Clinical-stage biopharmaceutical company Humanigen and EVERSANA have entered a partnership to make available the former’s lead drug candidate, lenzilumab, to hospitalised and hypoxic Covid-19 patients on obtaining approval.
The company is anticipating an Emergency Use Authorisation issued by the US Food and Drug Administration (FDA) as well as a BLA.
Lenzilumab is a humaneered anti-human granulocyte macrophage-colony stimulating factor (GM-CSF) monoclonal antibody that can potentially prevent and treat cytokine storm, which can lead to acute respiratory distress syndrome in severe cases.
Humanigen CEO Cameron Durrant said: “EVERSANA shares our tireless commitment to patients.
“We’ve matched our dedication to research and development in Covid-19 with a proven commercialisation partner to ensure lenzilumab will reach patients quickly and efficiently following a potential EUA.”

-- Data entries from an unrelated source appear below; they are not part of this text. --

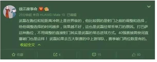 赛后,在最终的冲刺时速统计中,武磊全场第一,时速高达32.1公里每小时,力压梅西;而梅西的时速是31.4 公里每小时,比武磊少0.7公里每小时。
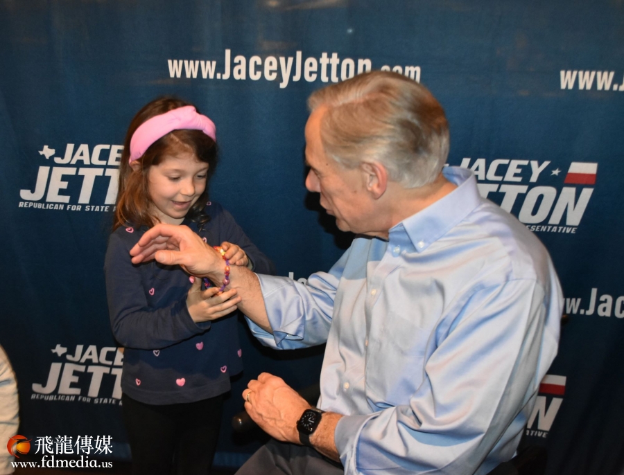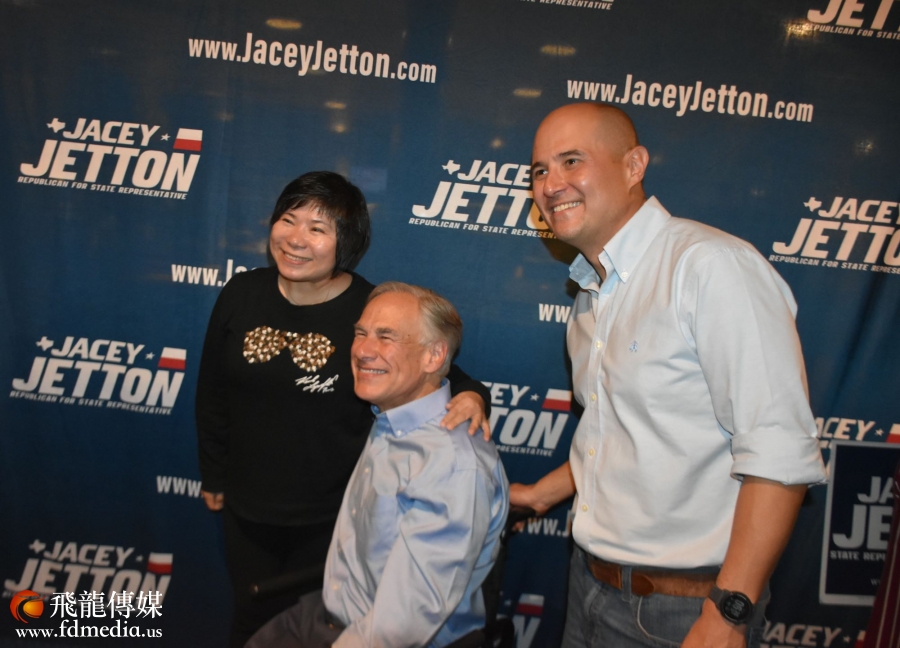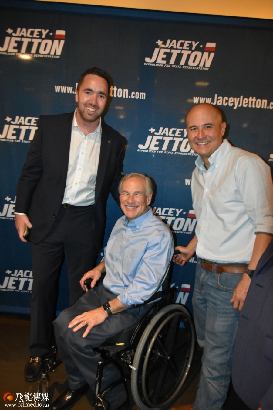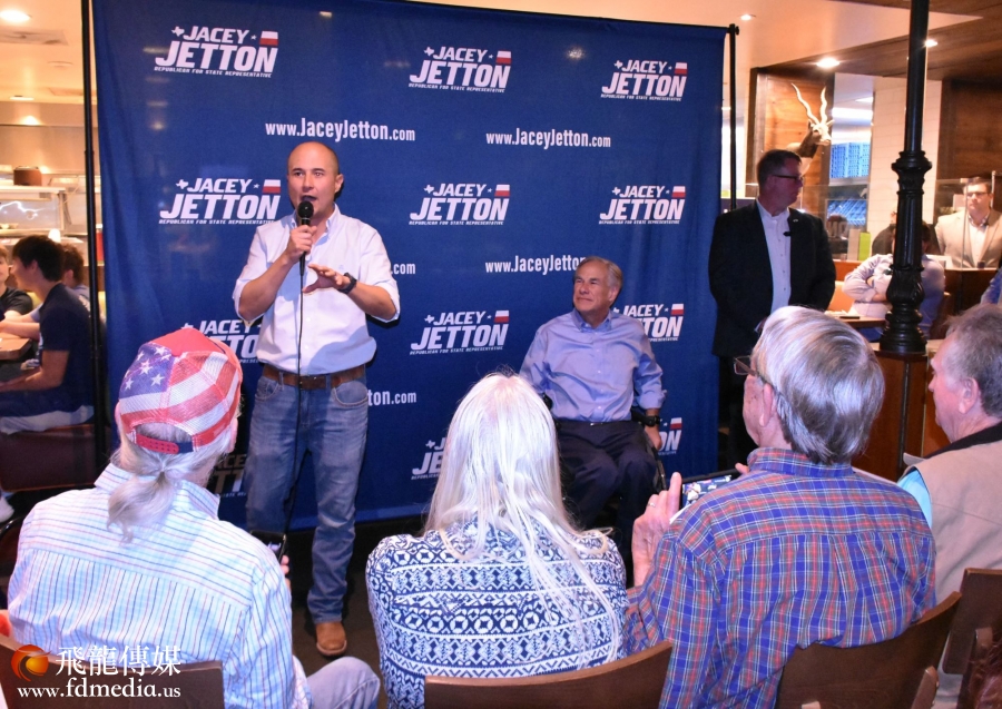 在1月11日竞选活动中,州长格雷格·阿博特亲临休斯敦为杰西(Jacey Jetton)站台。
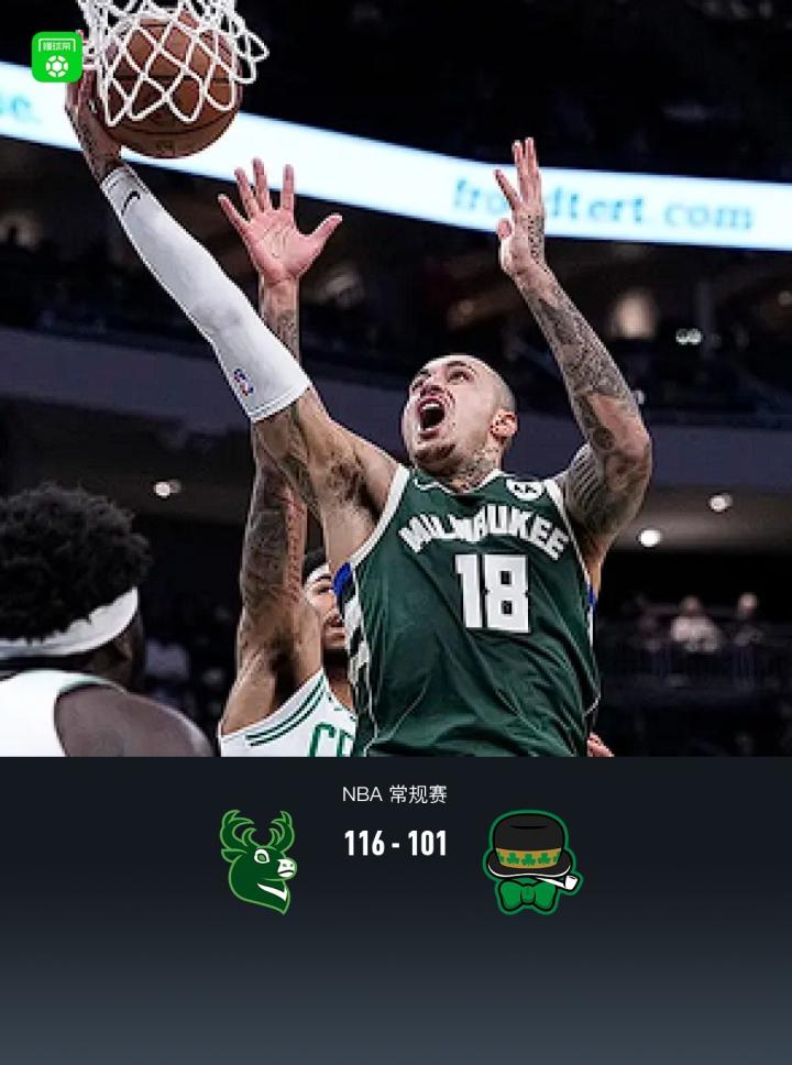 无字母雄鹿116-101逆转凯尔特人,库兹马31分,杰伦布朗30分

Estimates show that up to 89% of hospitalised Covid-19 patients are hypoxic and at risk of cytokine storm.
According to the deal, with a EUA for lenzilumab for treating hospitalised Covid-19 patients expected, Humanigen will have urgent access to EVERSANA’s fully integrated services optimised by data and predictive analytics.
EVERSANA CEO Jim Lang said: “We stand ready to immediately activate our services spanning all disciplines of the product journey to ensure lenzilumab delivers significant patient value.